そんなUKプログレッシヴを毎度プログレッシヴにプログレッシヴさせる現代プログレッシヴの覇ー権、これで7プログレッシヴ目。
しかもここで、初期以降しばらくバンドを離れていたピーター・ジョーンズ(Key)が、再び戻ってプログレッシヴしている。

そのせいもあるのか、はたまたコロナによるロックダウンで長期引きこもってのソングライティングが影響させたのか、まずはもって、いつになくポップで多彩な作風といった印象のプログレッシヴだ。(しつこい)

つまり、これまでよりも色調としてはカラフルで、しかしトーンとしては全体的には明るめ。
そしてそれを描写する手法はより多面的で、結果、ダークでソリッドなメタル要素は相対的に減退、といった様相か。

例えば冒頭M1“Taurus”にてTOOLの延長線上に後期MESHUGGAHを上書きしたようなメタリックな重厚さを見せたかと思えば、かたやM2“Nightingale”ではシティポップと往年のRUSHを経た末に至る、さながらゼロ~テン年代期の尻ームどなたー?

と思えば、M3“The Alphabet of Me”でのエモいモダンポップな軽やかさで跳躍する、ホーンも加えて陣取るオサレジャジーさ。
あるいはこれに呼応して、本作イチにポップ照度を極め高めていくかのM7“Lovebite”の、いかにも小林克也な80年代AORを意識してきてのバブルスくん展開よ。

そしてクライマックスM8“Elephants Never Forget”では、YESQUEENへいお待ちとばかりに本格プログレとしての底力をプログレッシヴに示したまま続くM9へ…ってまだ続くのかよもうこれで終わりで十分だろ。

そんなラーメン感覚の味変バリエといい、間口の広さとコジャレたキャッチーさがヘボメタ脳ぶら下げたバカスラッツャーーッなぼくらごときニワカ門外漢どもにも判り易いサービス仕様、でいてバカテク聴きどころ満載しかも上質メロ…と寧ろこれのどこにケチつけられんの?という話なのも勿論判るんだが、しかし。
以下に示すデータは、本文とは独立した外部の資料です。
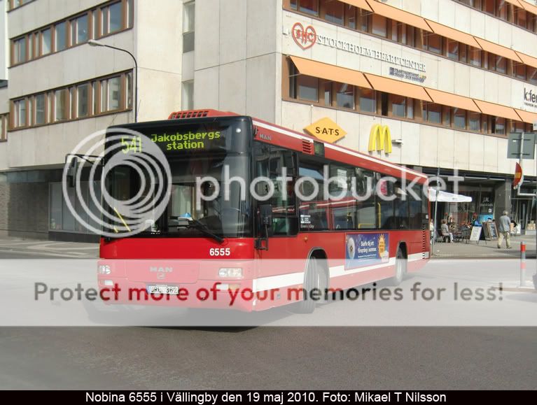 En av Nobina Kallhälls många MAN A78-bussar, vagn 6555, som har blivit av med den vita maskeringen kring linje- och dest.displayen.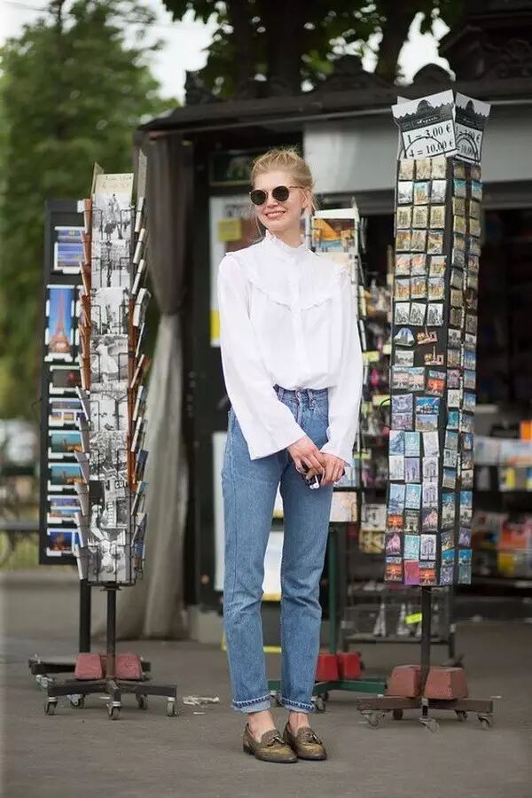 花边立领的复古款白衬衫
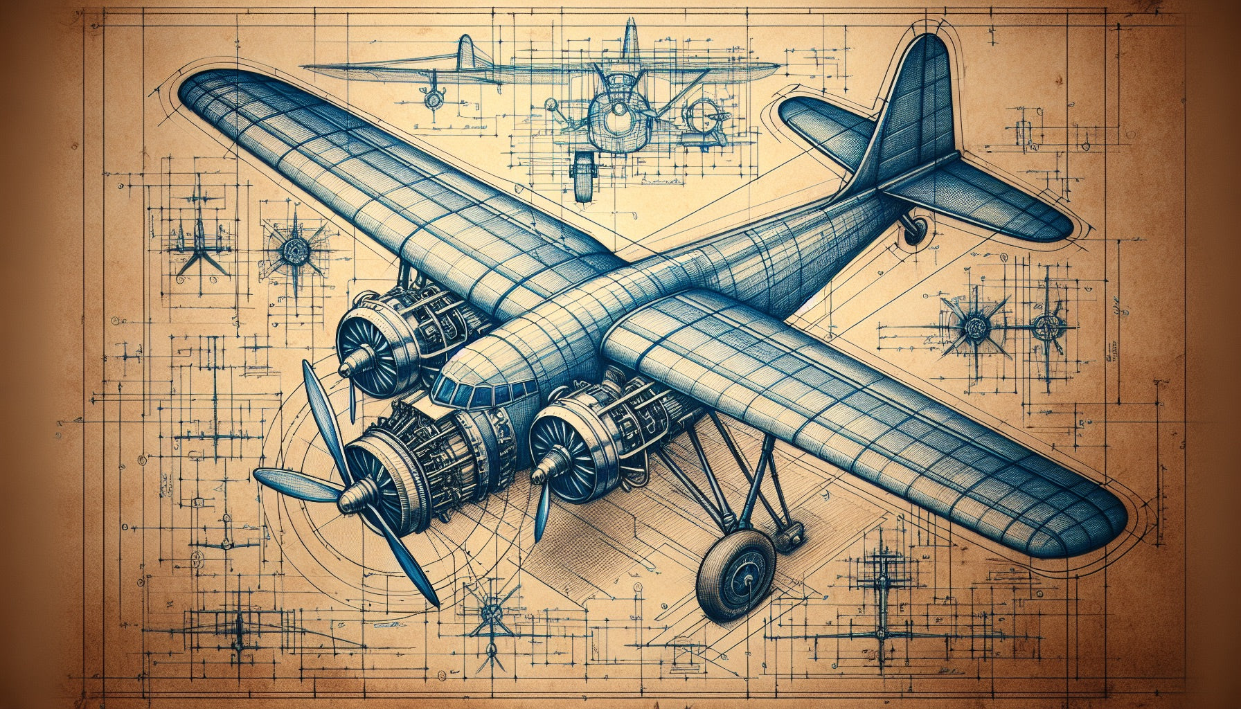 Ce papier peint avion vintage présente une illustration extraordinaire de plan technique sur un fond sépia chaud. Le dessin d'ingénierie détaillé montre un avion bimoteur rendu en tons bleus saisissants, avec des spécifications mécaniques complexes, des mesures précises et plusieurs vues en perspective. Le papier peint plan d'aviation allie excellence artistique et précision technique, créant une esthétique industrielle sophistiquée.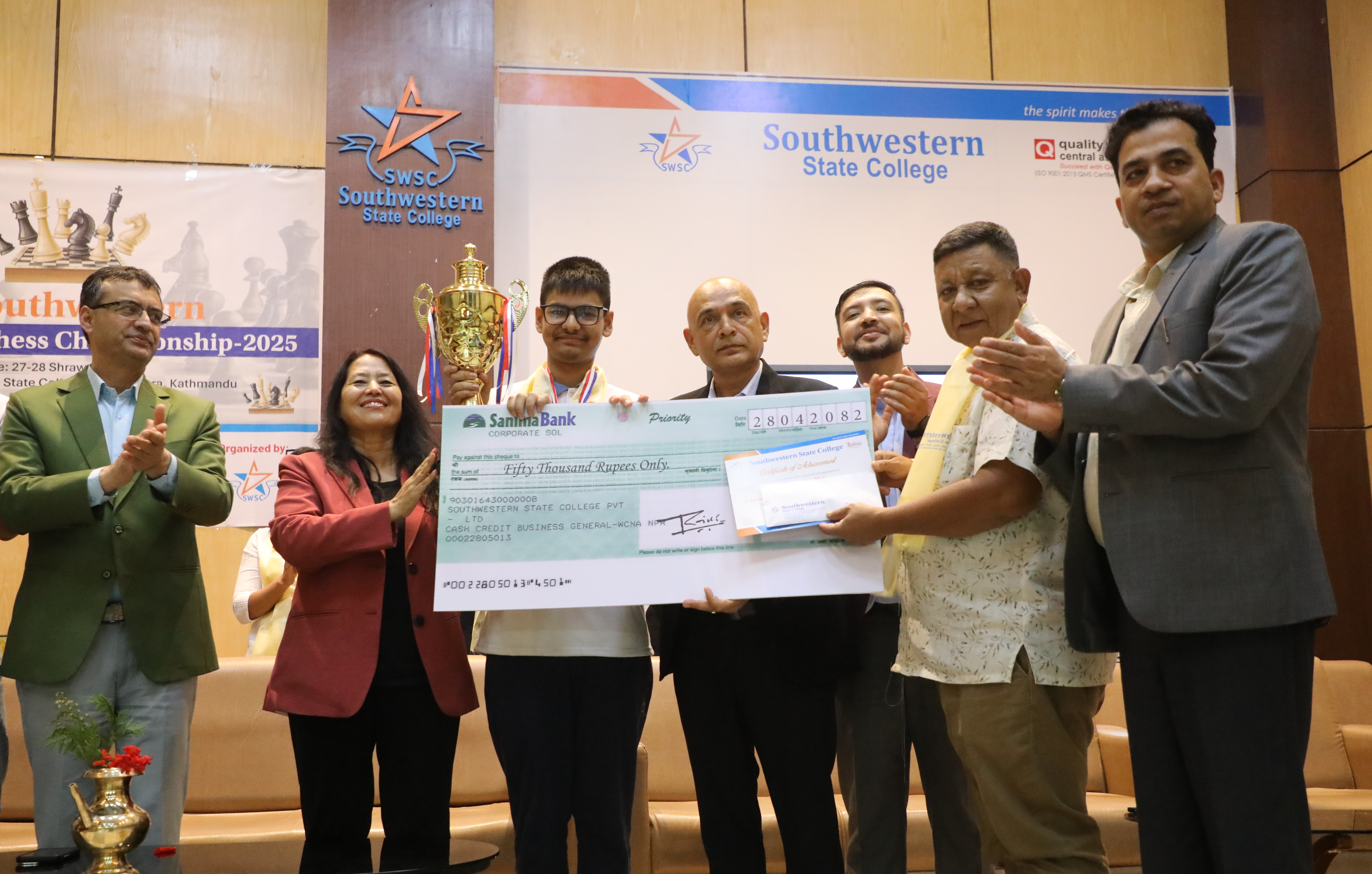 विजेतालाई टोखा नगरपालिका वडा ७ का अध्यक्ष नरोत्तम राना, आयोजक साउथ वेस्टर्नका क्याम्पस प्रमुख डा. राजेन्द्र केसी, साउथ वेस्टर्नका भाइस प्रिन्सिपल हरिसिंह केसी, इन्टरनेसनल रिलेसन को–ओर्डिनेटर सरिता शाक्यलगायतले एक कार्यक्रमबीच पुरस्कृत गरे ।

その反面でホント正直なこと言っちゃうと、ちとばっかメタル度低くてマイルドめというか、ある意味器用すぎて引っかからない、とか贅沢な難癖かもしれないけど、スマン。要するに、その出来の割に、そこまで強烈なパンチやインパクトにも刺さらず終いでした…。

なので今回、割と過去イチといった最高傑作論がどこも多いようなんだけど、個人的にはまだ全然これよりやってくれるようなポテンシャルも見越して、ここじゃこの凡点にとどめておく。

ZULU/”A New Tomorrow”:73p

ZULU/"A New Tomorrow"

ZULU/”A New Tomorrow”

お馴染み「ただのメタルには興味ありません」で知られる意識ピッチ系フォークメタルにて高得点を与えられた他、歪みがちなとこでも「2021年のTURNSTILE、2022年のSOUL GLOに続く、2023年の必聴ハードコア」と鼻息荒くフンガフンガ推しされてた、このアルバム。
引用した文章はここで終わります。